Scan the records below for the line containing "Łazienka z kabina" and the line containing "Circa 2000s, Platinum, by". Copy both, plus every line between, exactly.

Data for processing:
=== Section Start ===

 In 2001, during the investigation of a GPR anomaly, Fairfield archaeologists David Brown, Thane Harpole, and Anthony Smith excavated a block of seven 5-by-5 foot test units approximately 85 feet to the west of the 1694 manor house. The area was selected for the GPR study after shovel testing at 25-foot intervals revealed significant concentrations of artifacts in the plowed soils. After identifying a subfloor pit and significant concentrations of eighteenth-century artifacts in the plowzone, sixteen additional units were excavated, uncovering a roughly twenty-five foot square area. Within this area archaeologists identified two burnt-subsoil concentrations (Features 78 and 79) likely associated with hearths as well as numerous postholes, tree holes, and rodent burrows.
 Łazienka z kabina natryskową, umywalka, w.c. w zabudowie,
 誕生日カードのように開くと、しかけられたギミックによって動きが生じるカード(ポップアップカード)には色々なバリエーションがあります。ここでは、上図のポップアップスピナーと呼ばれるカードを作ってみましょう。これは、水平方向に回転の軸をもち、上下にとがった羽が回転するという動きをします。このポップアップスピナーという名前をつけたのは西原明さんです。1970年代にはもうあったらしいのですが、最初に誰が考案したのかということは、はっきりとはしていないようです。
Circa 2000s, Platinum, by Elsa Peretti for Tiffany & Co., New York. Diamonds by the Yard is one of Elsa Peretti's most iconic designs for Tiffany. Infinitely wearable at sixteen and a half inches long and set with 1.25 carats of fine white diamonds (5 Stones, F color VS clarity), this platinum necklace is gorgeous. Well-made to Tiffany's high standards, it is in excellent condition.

=== Section End ===
=== Section Start ===

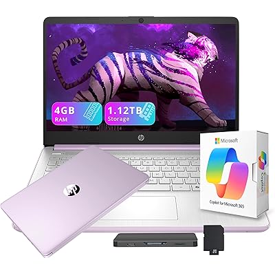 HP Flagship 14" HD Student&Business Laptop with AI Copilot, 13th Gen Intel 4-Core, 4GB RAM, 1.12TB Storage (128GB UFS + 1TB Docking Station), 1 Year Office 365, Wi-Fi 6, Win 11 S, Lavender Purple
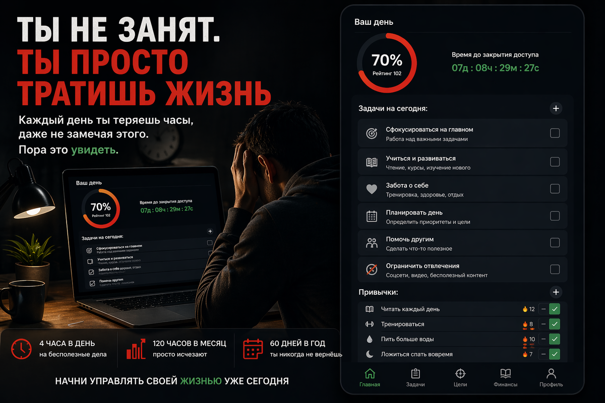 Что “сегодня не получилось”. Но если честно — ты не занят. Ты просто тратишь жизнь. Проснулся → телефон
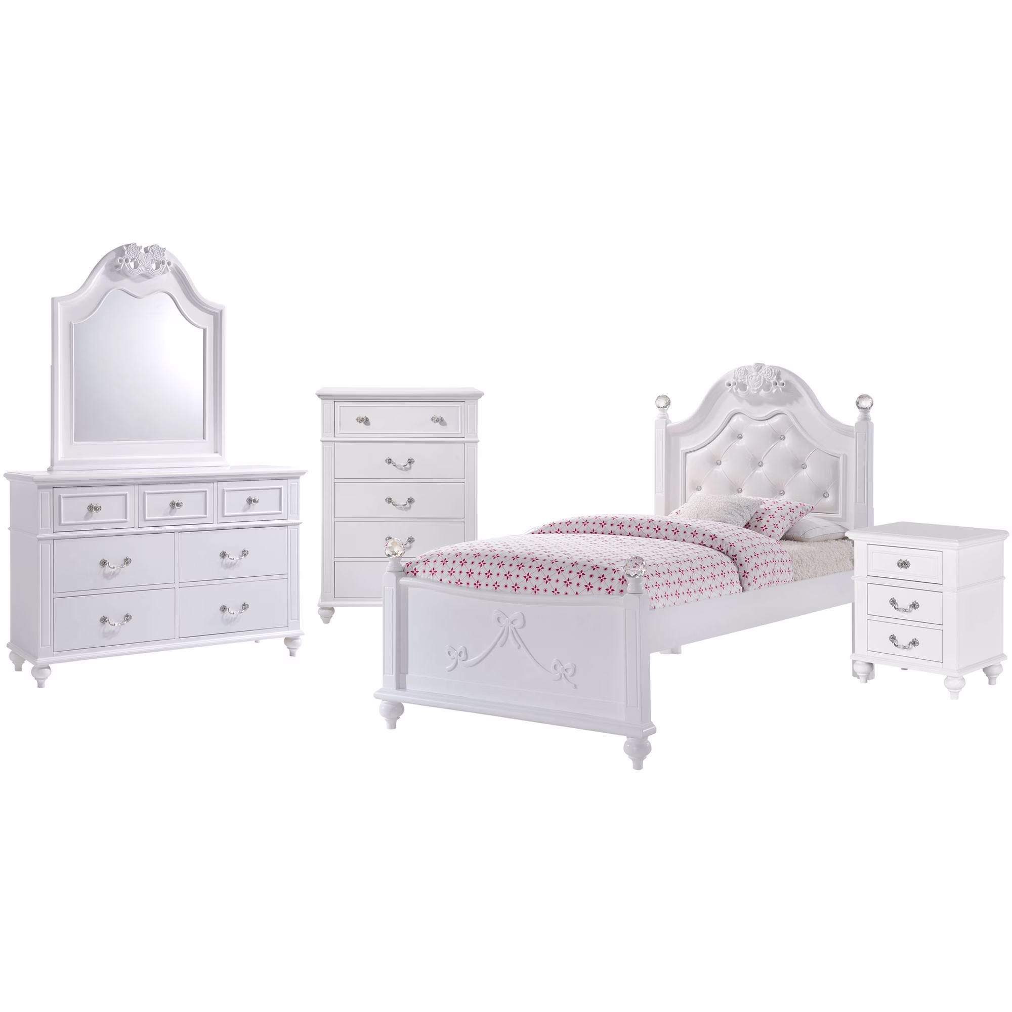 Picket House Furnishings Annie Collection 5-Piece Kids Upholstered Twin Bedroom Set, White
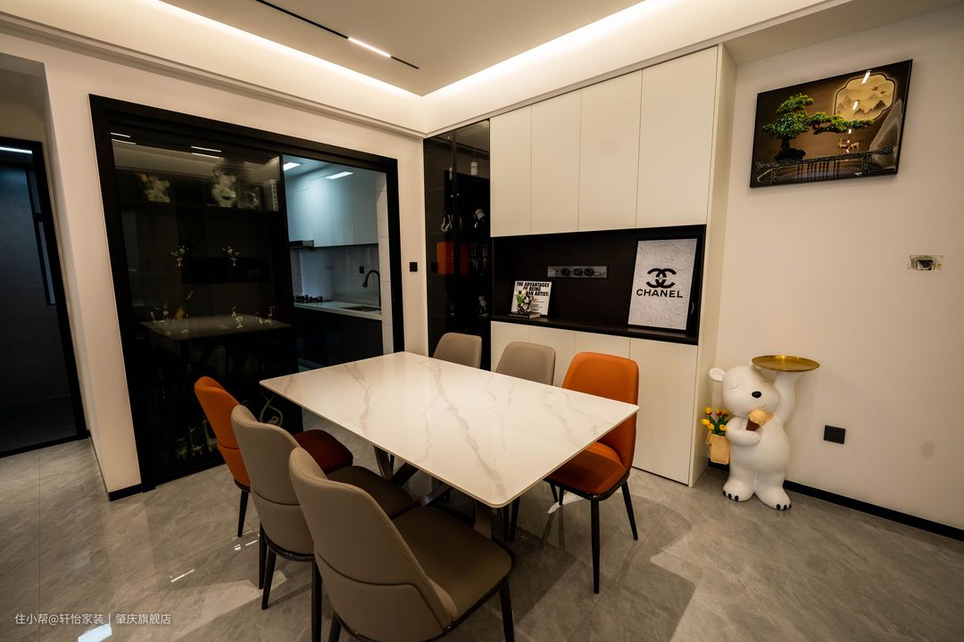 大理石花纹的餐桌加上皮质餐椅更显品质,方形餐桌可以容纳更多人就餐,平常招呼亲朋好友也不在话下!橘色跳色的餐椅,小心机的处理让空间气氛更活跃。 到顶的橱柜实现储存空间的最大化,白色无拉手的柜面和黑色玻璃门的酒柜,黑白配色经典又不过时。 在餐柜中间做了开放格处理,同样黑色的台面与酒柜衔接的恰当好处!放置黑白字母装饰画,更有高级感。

=== Section End ===

Solution for this problem:
 Łazienka z kabina natryskową, umywalka, w.c. w zabudowie,
 誕生日カードのように開くと、しかけられたギミックによって動きが生じるカード(ポップアップカード)には色々なバリエーションがあります。ここでは、上図のポップアップスピナーと呼ばれるカードを作ってみましょう。これは、水平方向に回転の軸をもち、上下にとがった羽が回転するという動きをします。このポップアップスピナーという名前をつけたのは西原明さんです。1970年代にはもうあったらしいのですが、最初に誰が考案したのかということは、はっきりとはしていないようです。
Circa 2000s, Platinum, by Elsa Peretti for Tiffany & Co., New York. Diamonds by the Yard is one of Elsa Peretti's most iconic designs for Tiffany. Infinitely wearable at sixteen and a half inches long and set with 1.25 carats of fine white diamonds (5 Stones, F color VS clarity), this platinum necklace is gorgeous. Well-made to Tiffany's high standards, it is in excellent condition.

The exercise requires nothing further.